Appropriate alternatives for gun nut available to an outsider are: "Firearm-American" and "Armed-American".

Peace out, my gunnaz.
 

Hemicuda

New member
Gun Nut... lemme see... yep, describes me pretty well... there are ALOT more derogatory terms someone could use against me... that one is merely descriptive... (and accurate) :D

doesn't bother me a bit being called that...
 

ahenry

New member
Who cares what you're called?!

If it really bugs you find an aspect of a “gun nut” that you find admirable and view the term though that aspect. For example, if he considers TFL to be a good example of what a “gun nut” is, then look at the collective intelligence and clear thinking abilities of the membership and consider yourself fortunate to be identified with them.
 

Hard_Case

New member
I would, and have, generally taken no small amount of offense when being labeled a 'gun nut'. Were it, say, RC cars, or anything else, I would be considered an 'enthusiast'. The modern connotative use of the term 'gun nut' implies that there is a mental destabilization involved if someone collects firearms, and I do what I can to prevent that mentality from being perpetuated. I guess, as an earlier poster said, it's something like the 'n' word. I try my very best never to call someone a 'gun nut', because I don't want those who would use it in derogation to feel they can get away with it.

Your roommate must have some passion that rivals yours for guns. For one day, mock him about all the anime he watches or whatever.

...just yesterday my brothers girlfriend called me a 'peddler of indecent smut', over an anime that had no nudity, and only one kiss that lasts all of three seconds. Does put it in perspective, at least.
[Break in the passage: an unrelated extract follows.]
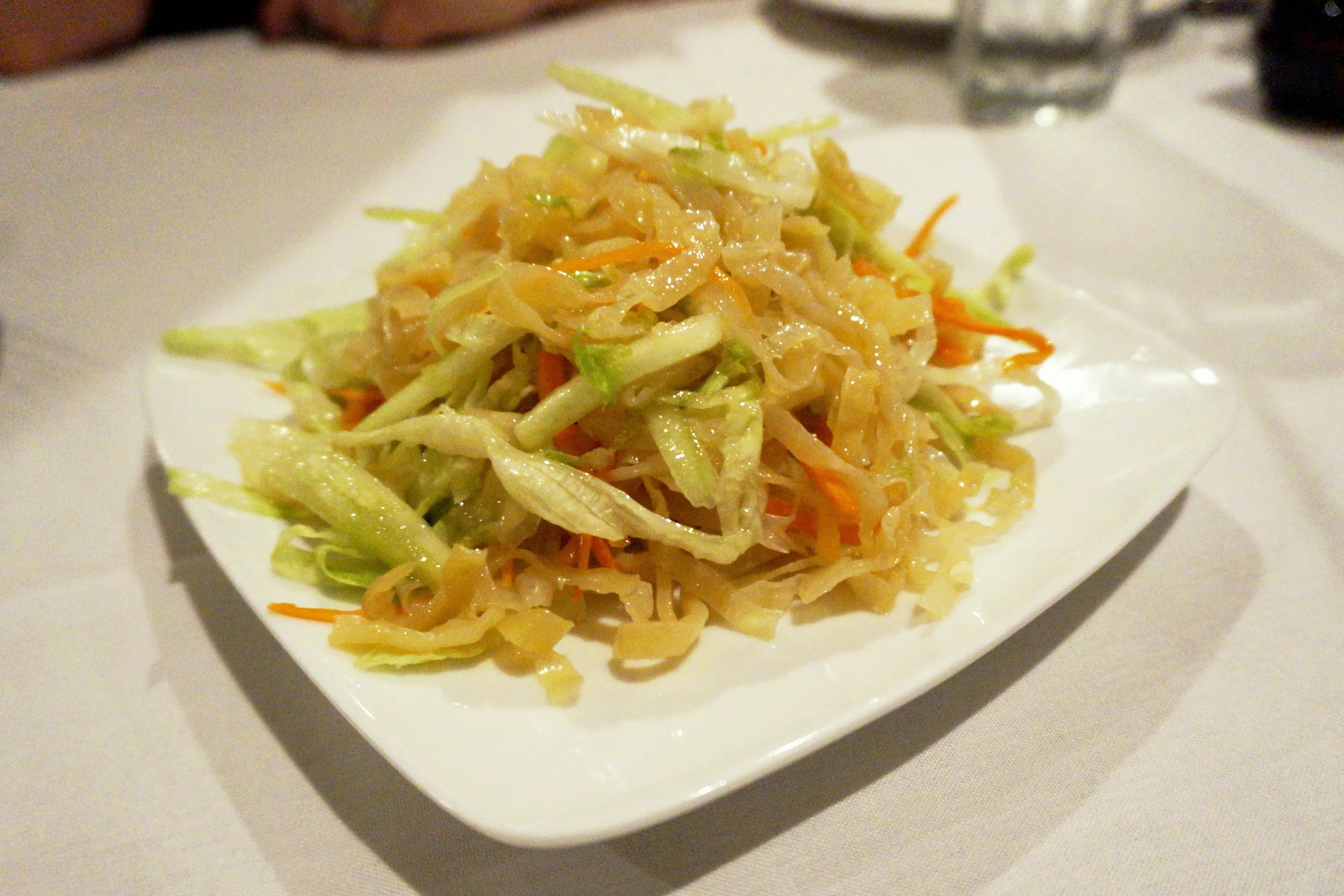 Jellyfish salad is mild and resfreshing between heavier courses.

I've yet to see ANY anti come even somewhat close to the kinds of mocking I've received about my anime collection.
 

JMC

New member
Yes it is.

Who cares what you're called?!

I do. I am a responsible, legal, well-informed, well trained, safety oriented gun owner. In the anti-gun climate of today I feel it is very important to be know as such, not a "nut". ;)
 

mrsMTN

New member
If you want to deal with the redneck freaks comment, I'm sure there are many TFL members who would e-mail you their "resumes." Like all of the engineers, physicians, etc.
 

KSFreeman

New member
I take offense to red neck. Gun owners have more education, less negative contact with law enforcement and higher incomes than non-gun owners.

It takes money to buy guns, ammo, mags and firearms education. The unemployable sofa dwellers are not buying ammo.

The men who founded this nation were men of property and were all gun nuts whether they were from Massachusetts or Virginny. Throughout history the gun nuts made things happen while the unarmed sheep stood around waiting for hand outs.